YOUR TASK: Return an exact copy of the lines from the one holding "ブドウ沢登山口で、リーダーより今日の注意点を聞き登山開始。" to the end of the data, including both the starting and final lines. Leave the pictures out.

SUPPLIED DATA:
════════════════════
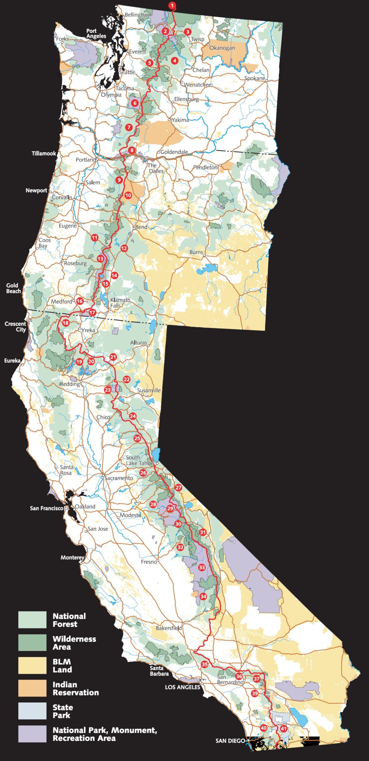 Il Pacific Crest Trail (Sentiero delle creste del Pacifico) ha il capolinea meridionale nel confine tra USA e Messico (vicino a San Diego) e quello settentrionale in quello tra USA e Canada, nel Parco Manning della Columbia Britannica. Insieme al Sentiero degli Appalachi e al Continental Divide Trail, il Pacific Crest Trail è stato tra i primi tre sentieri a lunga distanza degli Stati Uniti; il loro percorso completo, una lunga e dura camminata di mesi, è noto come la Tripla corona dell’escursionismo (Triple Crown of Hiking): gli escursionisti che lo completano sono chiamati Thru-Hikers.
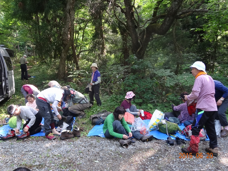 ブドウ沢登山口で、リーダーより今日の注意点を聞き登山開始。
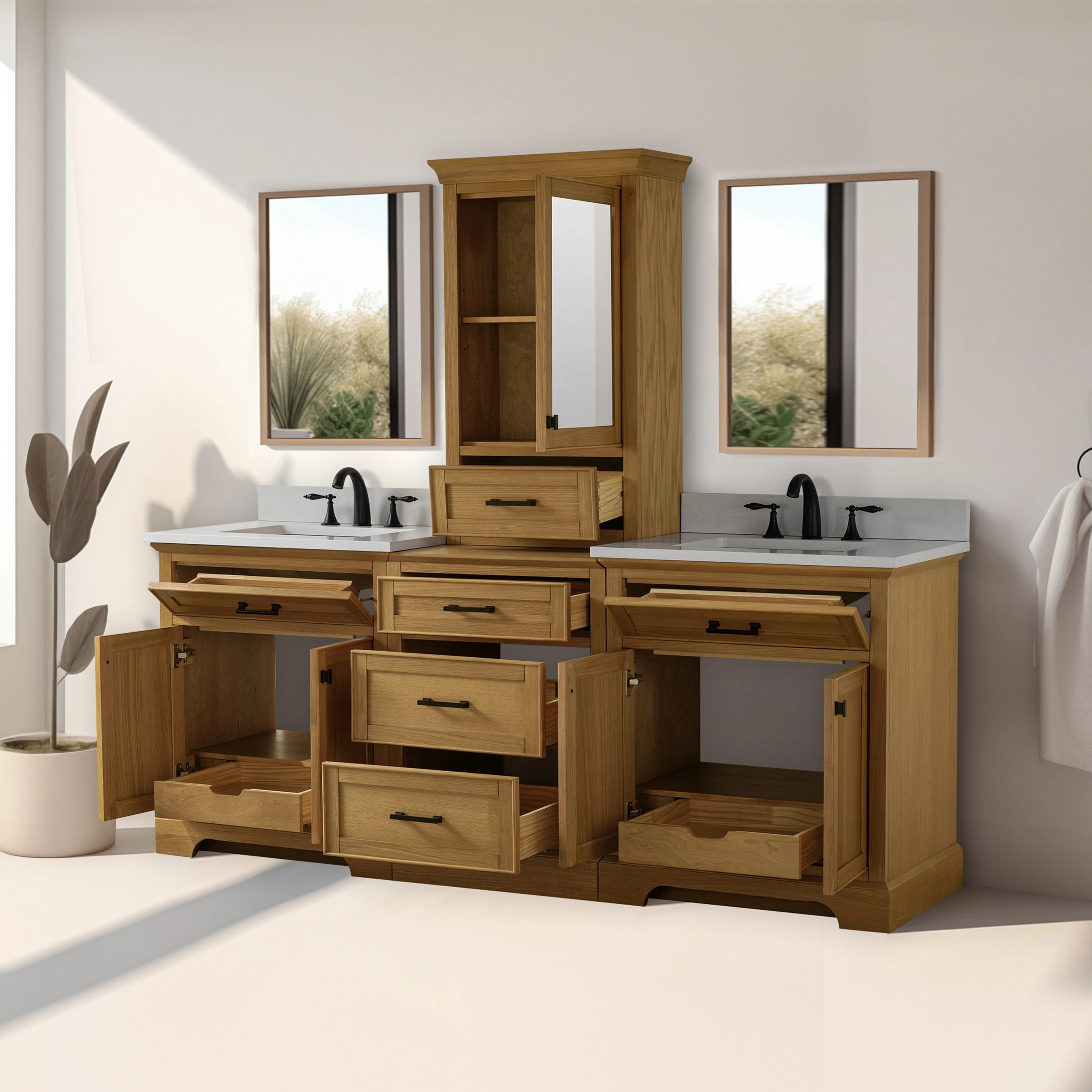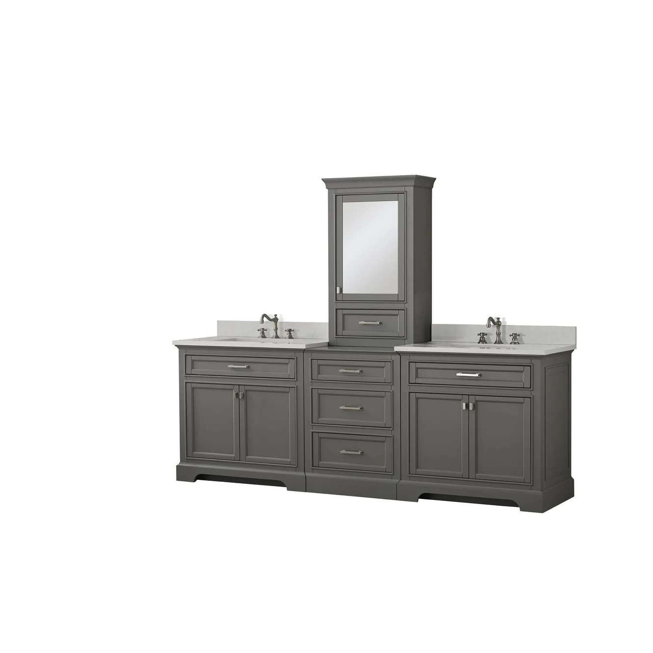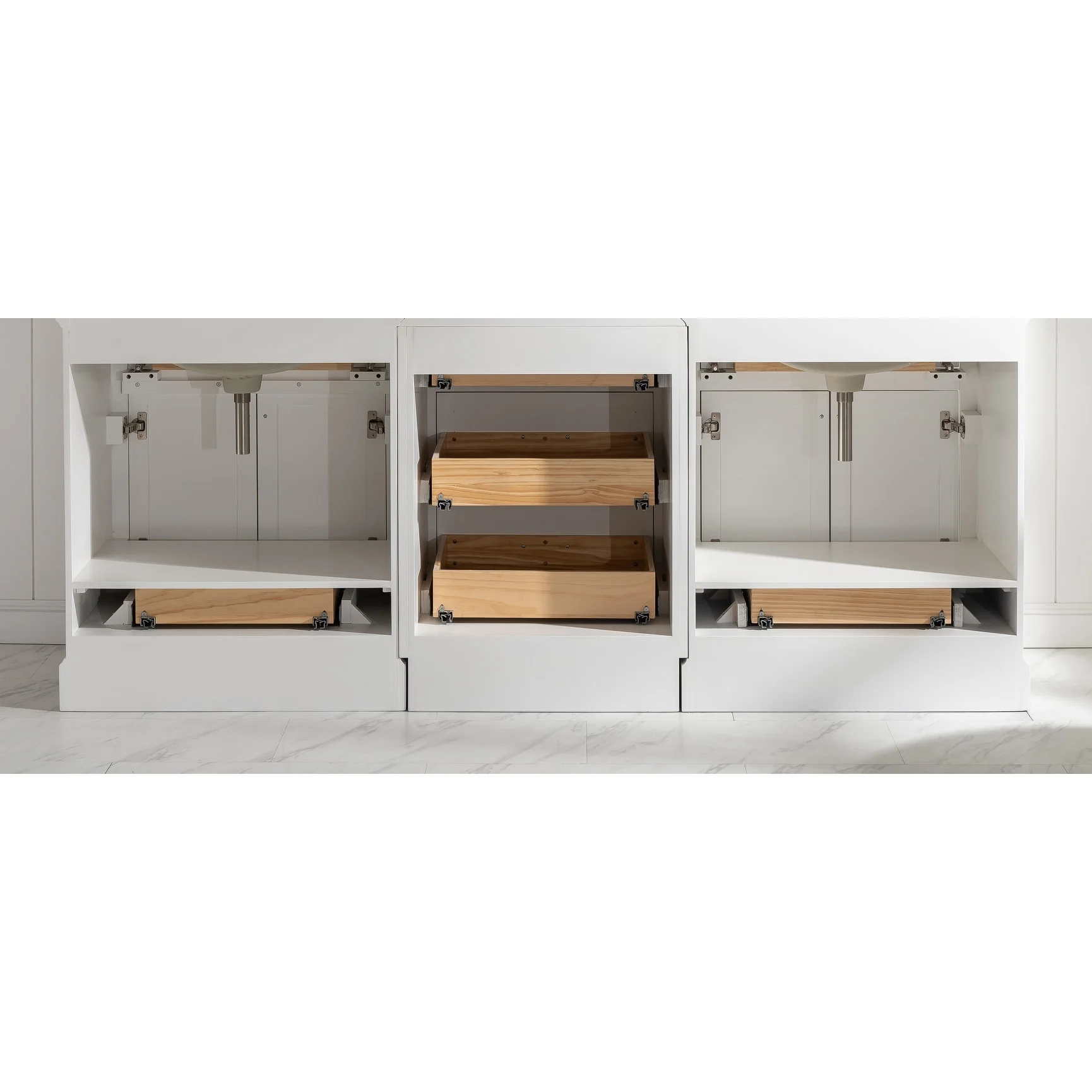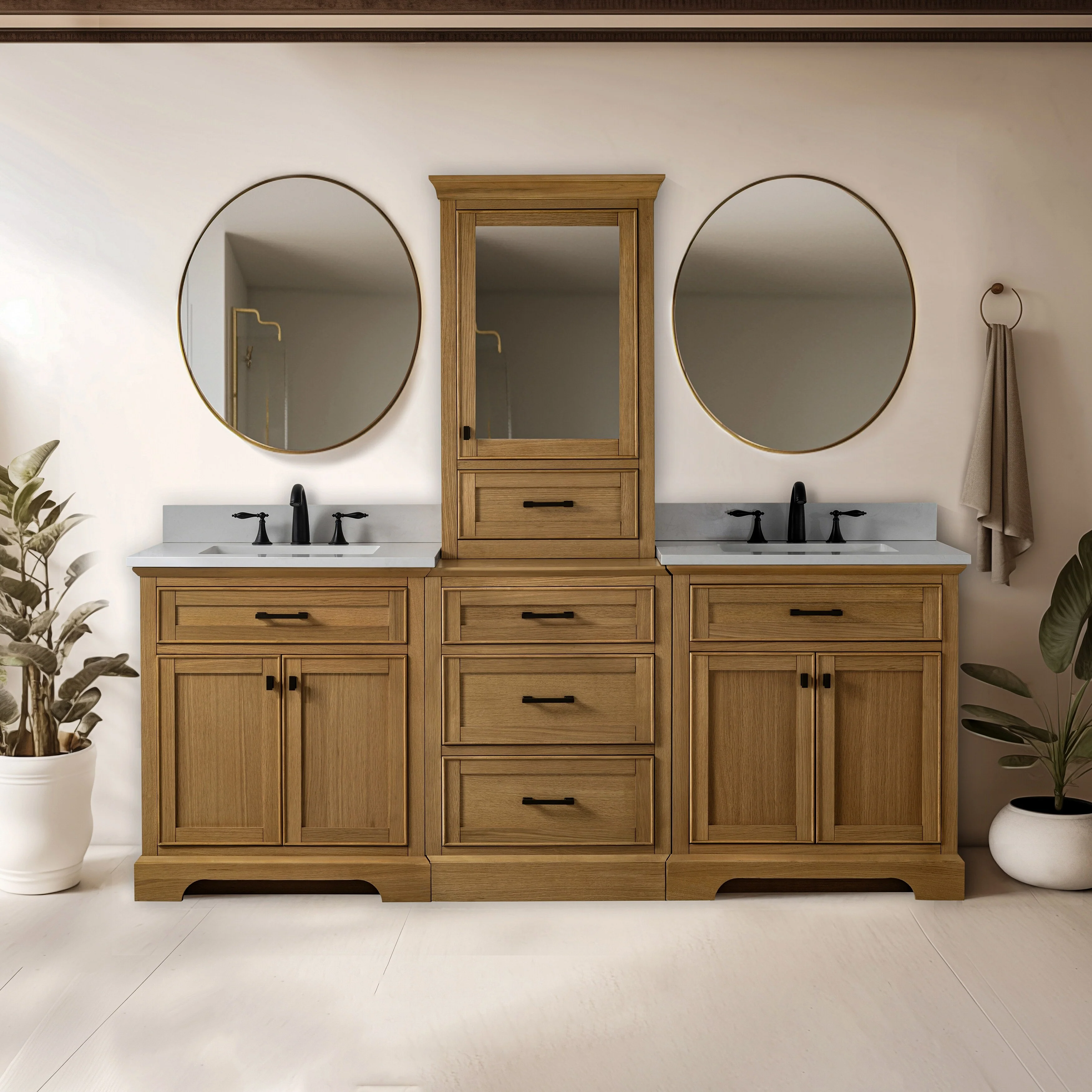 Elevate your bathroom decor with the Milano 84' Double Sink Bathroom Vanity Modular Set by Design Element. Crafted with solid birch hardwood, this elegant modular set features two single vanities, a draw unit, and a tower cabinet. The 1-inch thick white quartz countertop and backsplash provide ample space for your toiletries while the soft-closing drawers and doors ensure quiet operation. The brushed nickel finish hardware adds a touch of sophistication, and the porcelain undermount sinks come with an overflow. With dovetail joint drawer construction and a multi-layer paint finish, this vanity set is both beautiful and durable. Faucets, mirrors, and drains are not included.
════════════════════
SOLUTION TO THE EXERCISE:
 ブドウ沢登山口で、リーダーより今日の注意点を聞き登山開始。
 Elevate your bathroom decor with the Milano 84' Double Sink Bathroom Vanity Modular Set by Design Element. Crafted with solid birch hardwood, this elegant modular set features two single vanities, a draw unit, and a tower cabinet. The 1-inch thick white quartz countertop and backsplash provide ample space for your toiletries while the soft-closing drawers and doors ensure quiet operation. The brushed nickel finish hardware adds a touch of sophistication, and the porcelain undermount sinks come with an overflow. With dovetail joint drawer construction and a multi-layer paint finish, this vanity set is both beautiful and durable. Faucets, mirrors, and drains are not included.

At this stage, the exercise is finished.